Proyek ekonomi tersebut telah terhenti karena sanksi internasional yang dirancang untuk mengendalikan program nuklir dan rudal Korut. Selain itu, negara yang dipimpin Kim Jong-un mempermasalahkan pembelot di Korsel yang mengirim selebaran propaganda.
Korsel dinilai gagal menghentikan tindakan para pembelot. Dengan demikian, Korut menyatakan dialog berakhir dan mengancam aksi militer dapat dilakukan atas kesalahan tersebut.
Dalam sebuah pernyataan, Kementerian Unifikasi Korsel mengatakan melalui juru bicara Cho Hye-sil bahwa seorang imigran berencana mengirimkan ratusan botol berisi beras, obat-obatan, dan masker medis ke Korut. Meski demikian, rencana ini telah diminta dihentikan menyusul ketegangan yang terjadi.

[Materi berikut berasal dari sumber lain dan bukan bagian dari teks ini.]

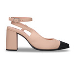 - Scarpe donna tacco pelle vegana nera beige slingback fibbia alla moda décolleté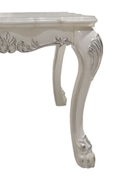 - Elegant Design: The square end table features a traditional style with a wooden scalloped top and apron, adorned with raised floral motifs, and oversized claw legs, providing a vintage hand-brush finish that enhances any room's decor.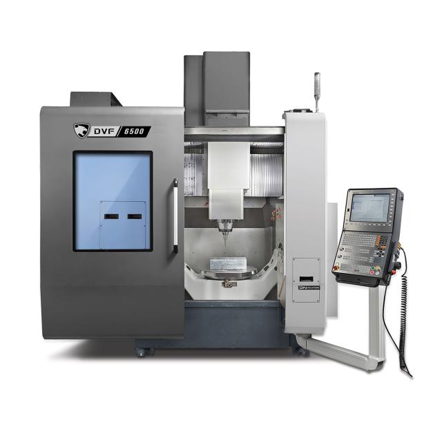 Improve speed and flexibility with the 5-axis DVF Series The DVF Series is the newest line of 5-axis machining centers from DN Solutions (formerly Doosan Machine Tools). Built with cutting-edge technology, ergonomic accessibility, and an automation-ready framework, the DVF delivers excellent performance. The DVF features a combined pivoting and rotary table to provide optimum access to all 5 axis, while maintaining rigid spindle support for reduced vibration.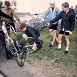 The date printed on the prints was Jan66, the ride could have been any time earlier than that. The pictures are ordered based on the number on the negative. Click on any picture to see it at full size. Click on the Modesto Roadmen icon to the left to return to the home page, or on this link to return to the list of pictures.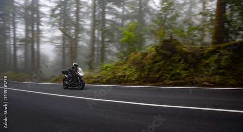 Driver riding motorcycle on empty road , foggy rainforest, spring mountains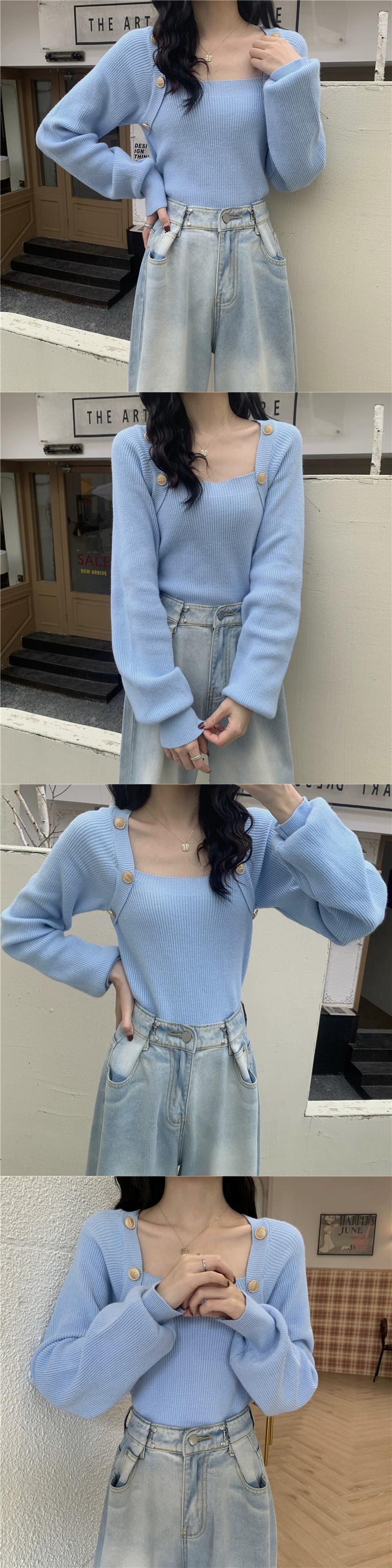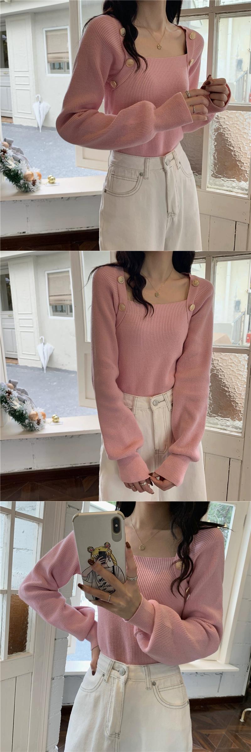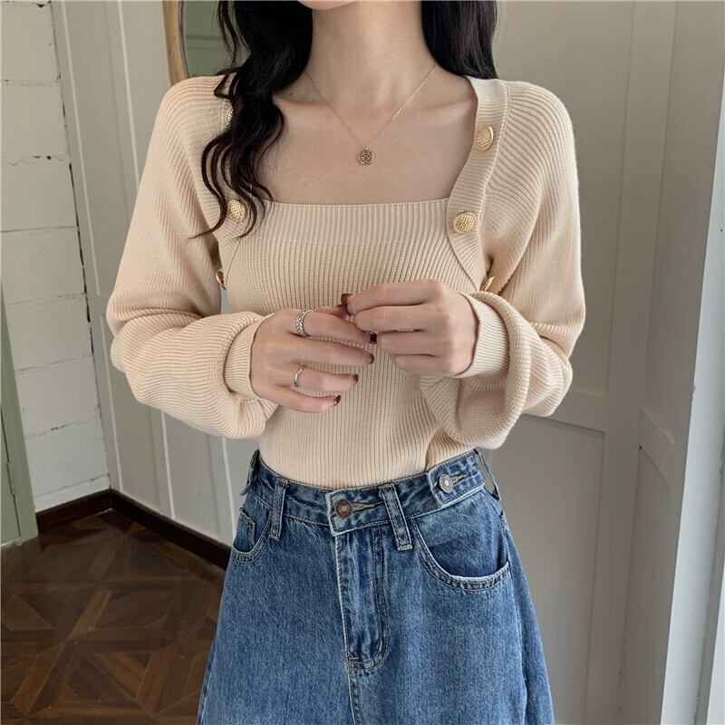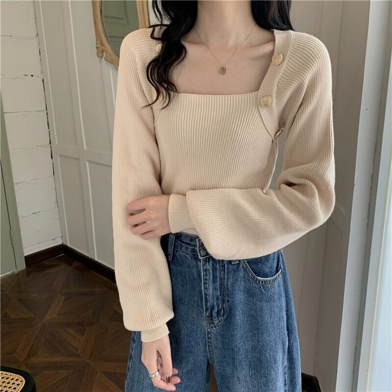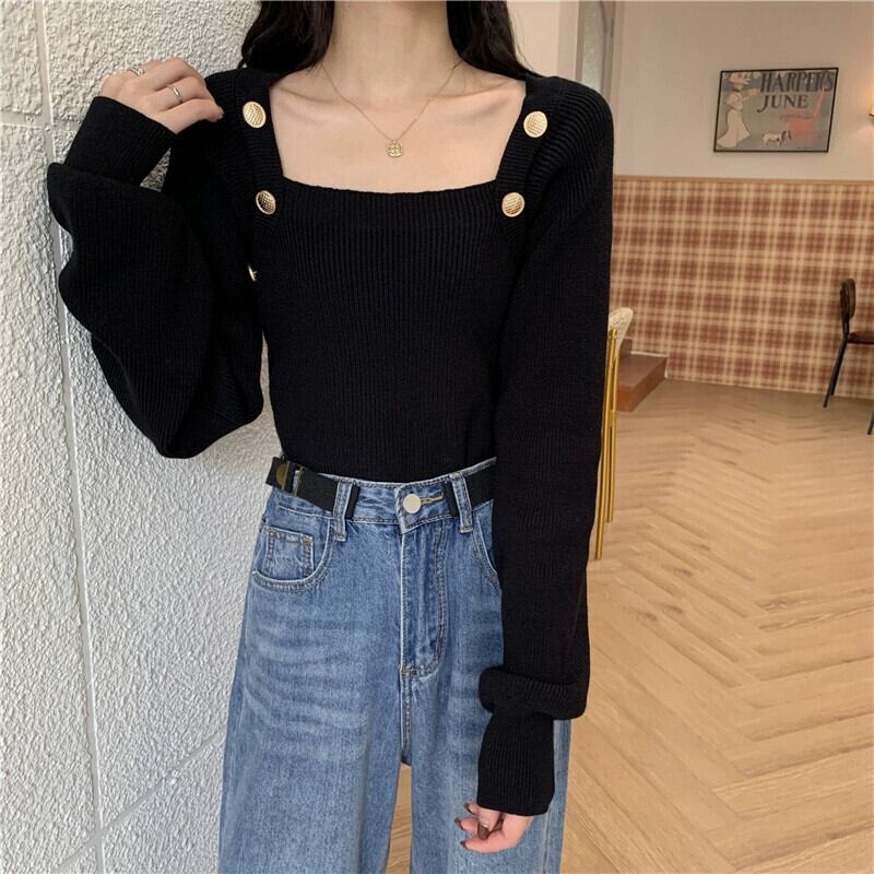 秋冬のブルゴーニュのスクエアネックボトリングシャツレディース、スリムなショートニットセーター付きのハイエンドランタンスリーブセーター オータム 秋物 ウィンター 冬物 スクウェア 7460078836217847 | framboise21

Cho Hye-sil mengatakan, pihak berwenang akan berupaya menghentikan rencana tersebut. Jika upaya tersebut tetap dilaksanakan, akan ada hukuman atau sanksi yang diberikan atas pelanggaran sesuai dengan yang diatur dalam hal pertukaran dan kerja sama antar-Korea.
Pada awal pekan ini militer Korut menyatakan siap mengambil tindakan jika kelompok pembelot di Korsel meneruskan kampanye propaganda. Bahkan, Tentara Rakyat Korea (KPA) mengaku telah mempelajari aksi untuk memasuki zona demiliterisasi (DMZ), yang merupakan wilayah perbatasan dengan Korsel, di bawah pakta antar-Korea.